Edit At the beginning of fSplitStr, wait with allocating the tokenArray until after you check that token is not NULL, and if token is NULL why not return NULL?
I'm not sure the best solution for you, but I do have a few notes:
token = (char *)strtok(str, delimiters); // Get the first token
tokenArray = (char**)malloc(1 * sizeof(char*));
if (!token) {
return tokenArray;
}
At this point, if you weren't able to find any tokens in the string, you return a pointer to an "array" that is large enough to hold a single character pointer. It is un-initialized, so it would not be a good idea to use the contents of this array in any way. C almost never initializes memory to 0x00 for you. (calloc(3) would do that for you, but since you need to overwrite every element anyway, it doesn't seem worth switching to calloc(3).)

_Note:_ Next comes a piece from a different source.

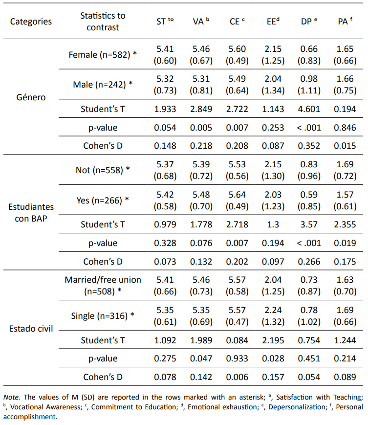 In this section, the comparisons are analyzed according to the socio-occupational variables of the subscales that make up the research. To facilitate the analysis, the comparison by gender, students with BLP and marital status with the T test for independent samples is presented in the first instance (Table 5).

Also, the (char **) case before the malloc(3) call indicates to me that you've probably forgotten the #include <stdlib.h> that would properly prototype malloc(3). (The cast was necessary before about 1989.)
Do note that your while() { } loop is setting pointers to the parts of the original input string to your tokenArray elements. (This is one of the cons that moshbear mentioned in his answer -- though it isn't always a weakness.) If you change tokenArray[1][1]='H', then your original input string also changes. (In addition to having each of the delimiter characters replaced with an ASCII NUL character.)